Fractionated stereotactic radiosurgery (FSRS) is a treatment approach that combines the precision of stereotactic radiosurgery (SRS) with fractionation, or the delivery of radiation in multiple smaller doses over several sessions. Unlike traditional stereotactic radiosurgery, where a single high dose of radiation is delivered in a single session, FSRS spreads the total radiation dose across multiple treatment sessions. This technique is often used for the treatment of various brain conditions, including brain metastases, primary brain tumors, and certain functional neurological disorders.

Key features and considerations of fractionated stereotactic radiosurgery include:

Dose Fractionation: Instead of delivering the entire radiation dose in one session, FSRS divides the total dose into smaller fractions, typically administered daily or over a few weeks. This approach helps minimize damage to surrounding healthy tissues and reduces the risk of complications.

Preservation of Normal Tissues: Fractionation allows normal tissues surrounding the target area to recover between treatment sessions, reducing the likelihood of side effects such as radiation necrosis. This is particularly important when treating larger tumors or lesions close to critical structures.

Increased Radiobiological Effect: Fractionation takes advantage of the principles of radiobiology, where dividing the total dose into fractions can enhance the therapeutic effect on cancer cells while minimizing damage to normal tissues. This can improve the overall efficacy of the treatment.

Treatment Planning: Similar to conventional SRS, FSRS requires precise treatment planning and imaging. Advanced imaging technologies, such as magnetic resonance imaging (MRI) and computed tomography (CT), are used to precisely locate and target the lesion.

Patient Immobilization: Patients undergoing FSRS typically need to be immobilized during treatment to ensure accuracy. Immobilization devices, such as custom-fitted masks or head frames, are often used to minimize movement.

Indications: FSRS is commonly employed for treating larger or irregularly shaped lesions, lesions close to critical structures, or when there is a concern about normal tissue tolerance to a high single radiation dose. It is frequently used for brain metastases, meningiomas, acoustic neuromas, and other intracranial tumors.

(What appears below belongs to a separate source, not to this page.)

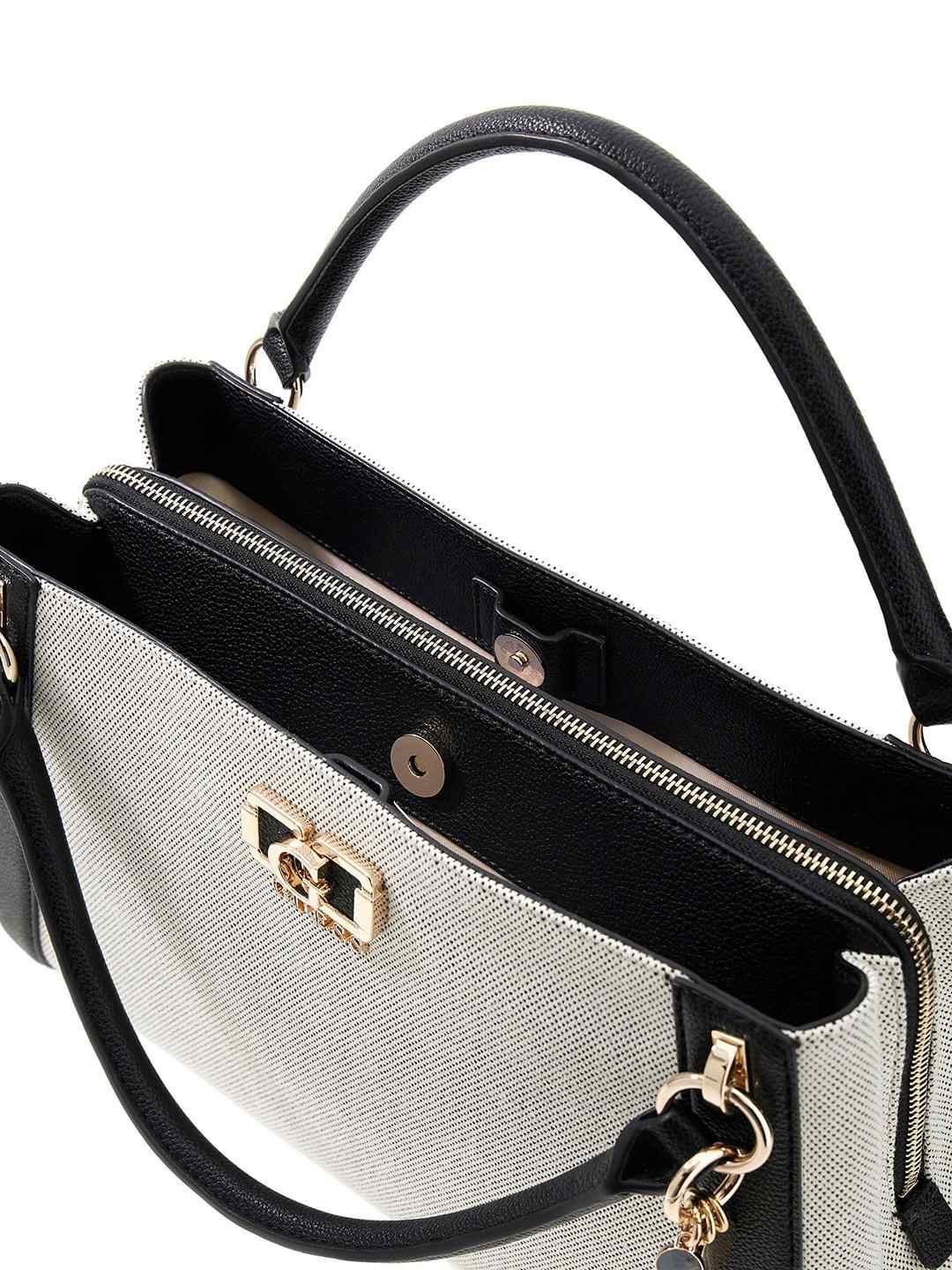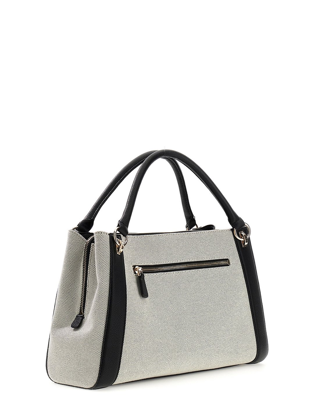 Discover the perfect blend of style and functionality with our satchel bag in off white black. Crafted from premium cotton fabric, this bag features a unique textured pattern that adds a touch of sophistication to any outfit. Designed for the modern woman, it offers ample space for your essentials while maintaining a sleek silhouette. The versatile color palette ensures it complements any wardrobe, making it an ideal choice for both casual outings and professional settings. Elevate your accessory game with this chic and practical satchel bag.

Treatment Schedule: The total treatment duration and the number of fractions depend on the specific clinical scenario, the size and location of the lesion, and the overall health of the patient.

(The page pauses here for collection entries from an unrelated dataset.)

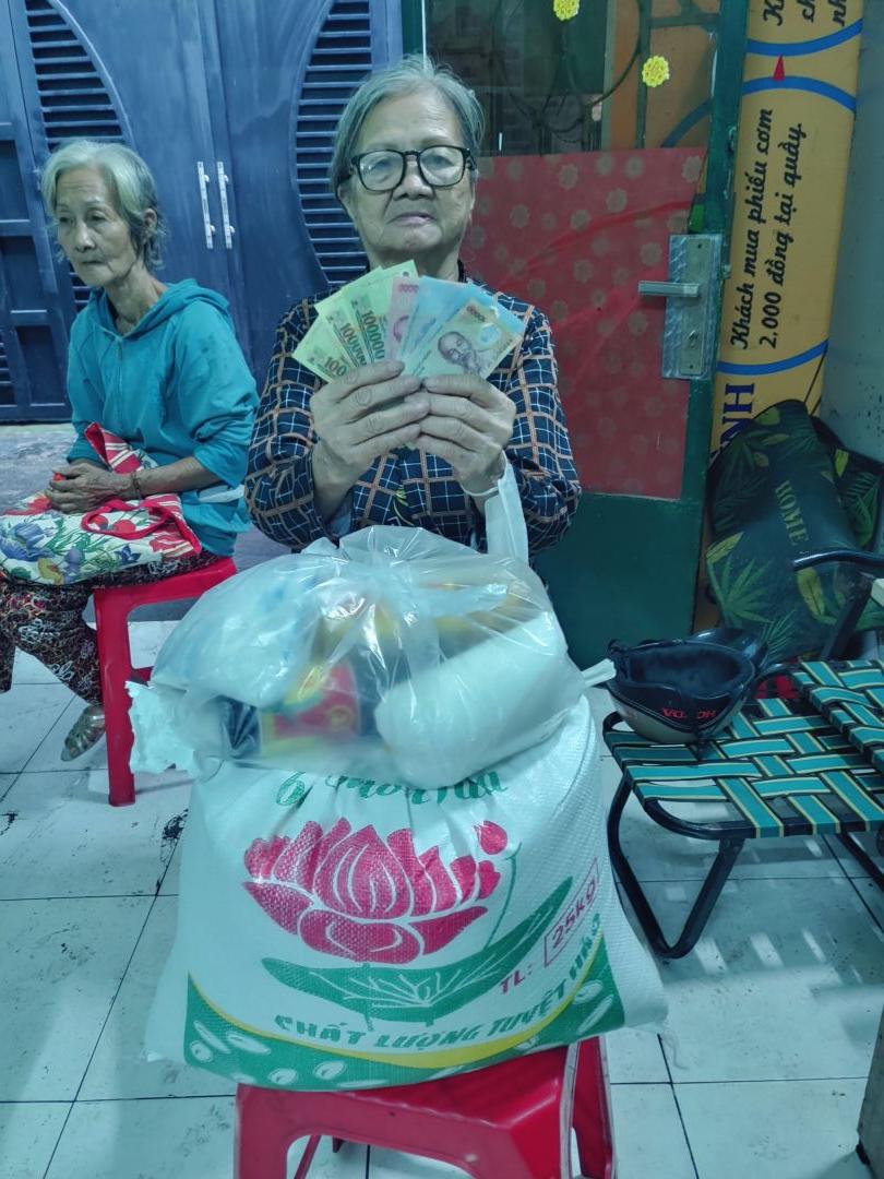 Letuantu cập nhật hình ảnh trao nhu yếu phẩm kèm 500,000đ CMTX T1 và 300,000 CMTX từ trích quỹ của T12 năm trước. Tổng là 800,000đ.
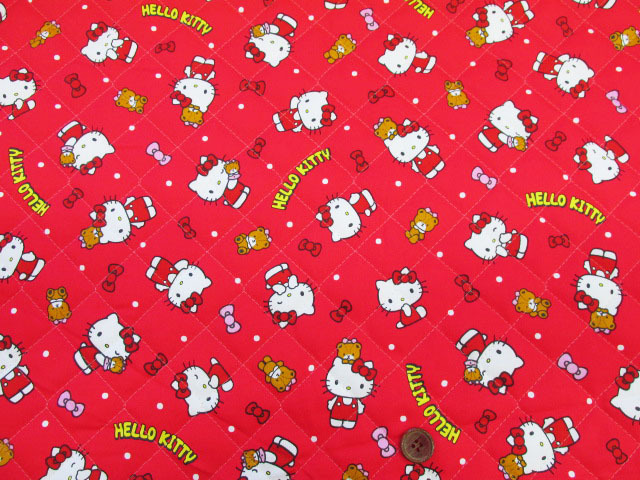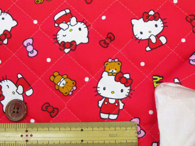 HELLO KITTY リボンドット柄 オックス生地 (レッド) 半針キルト [qg8982-1a]
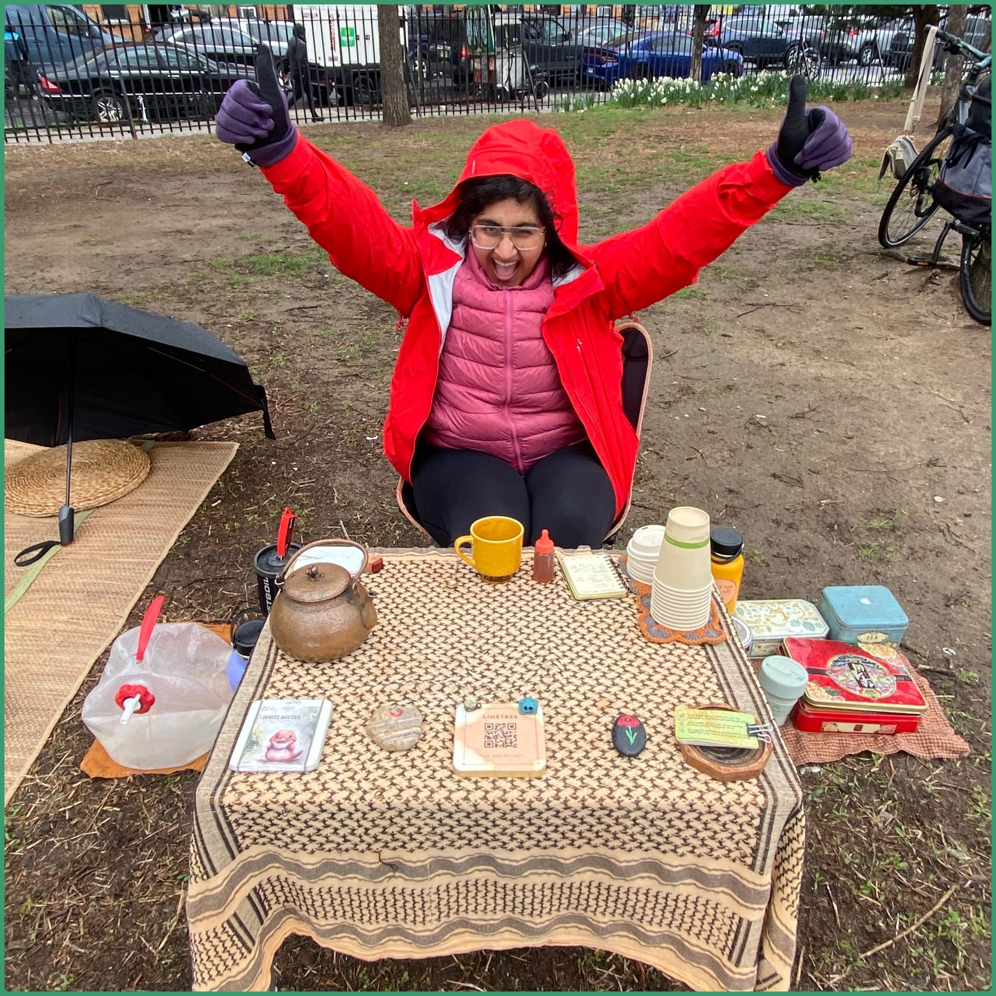 Every single day of April, from 12-6pm, you can get some free tea at The Tea Stand in Maria Hernandez Park (specifically the northwest corner here), rain or shine.

Fractionated stereotactic radiosurgery represents a balance between delivering an effective dose of radiation to target lesions while minimizing the risk of side effects associated with high-dose single-session treatments. It is essential for patients to discuss the treatment options, potential benefits, and associated risks with their healthcare team to make informed decisions based on their individual circumstances.